Era la partita della svolta, dei tre punti da conquistare senza se e senza ma, della risposta da dare alla contestazione andata in scena al Filadelfia, delle virgole da mettere al loro posto e dei progressi delle ultime uscite, se così potevamo definirli, da confermare sul campo. È finita invece malissimo, con una sconfitta in piena media matematica di quest'anno (due gol fatti e tre subiti, credo che i bookmaker non quotino nemmeno più l'over nelle partite del Toro…) e la solita beffa (la traversa di Rodriguez su di un calcio di punizione praticamente perfetto) che il destino ama mettere sistematicamente nelle vicende granata quando il carico di autolesionismo è già alle stelle. Inizio ad avere una certa età e francamente non ricordo un avvio di campionato più disastroso di questo: a memoria direi quello di Souness, ma fu interrotto ben prima che potesse prendere le dimensioni apocalittiche di questo.
columnist
Toro, nel far west delle colpe, un solo responsabile
Nel clima da tutti contro tutti che normalmente si genera in situazioni come queste è difficile distribuire equamente le colpe, tant'è che ormai, Belotti a parte, e sottolineo quanto sia triste non poter dare la giusta eco ad un traguardo così incredibile quale quello dei cento gol segnati dal Gallo con la maglia granata, tutti sono finiti nel tritacarne della critica incontrollata figlia della pochezza dei risultati.

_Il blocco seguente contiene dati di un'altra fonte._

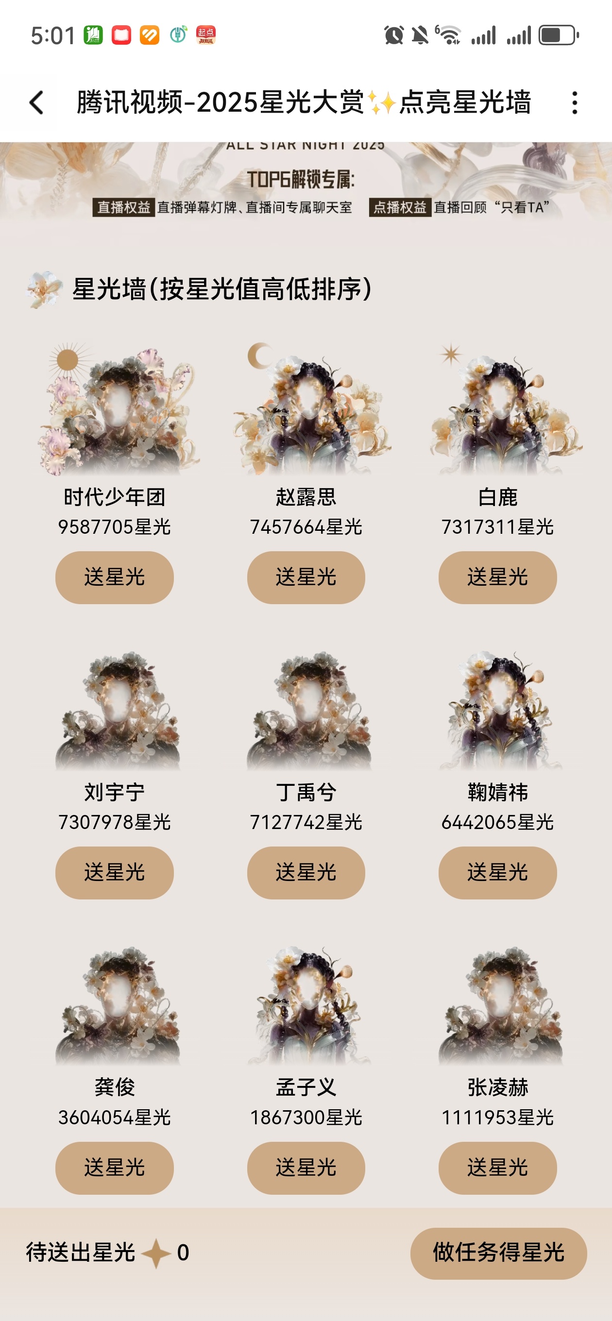 星光大赏的星光墙去年top是刘宇宁今年时团加入投票后感觉会慢慢发力
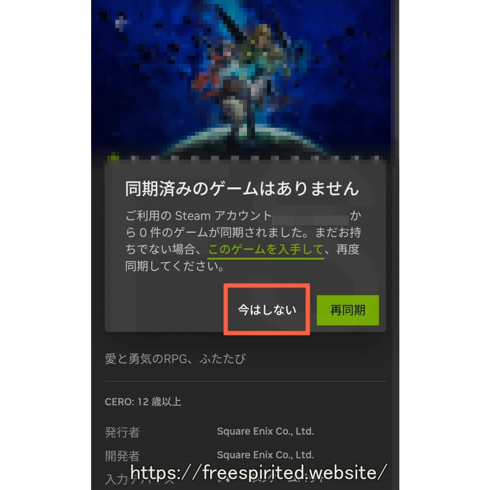 GeForce NOWとSteamを接続できたら遊びたいゲームを選択します。

Da Segre fino al mister la gogna virtuale dei social sta colpendo un po' tutti senza grandi distinzione di (de)merito. E se in tutte le critiche c'è un fondo di verità, le invettive purtroppo non portano punti in classifica quanto invece lo farebbero professionisti motivati e una chiara e fredda analisi fatta da chi il Toro non dovrebbe solo gestirlo come un amministratore di condominio, ma con un'ottica lungimirante verso obbiettivi sportivi di medio e lungo termine. Le società di calcio non sono organi democratici che producono, da idee condivise dalla maggioranza, politiche attuative consequenziali, ma organismi piramidali che lavorano in base agli input ed alle impostazioni che arrivano dal vertice.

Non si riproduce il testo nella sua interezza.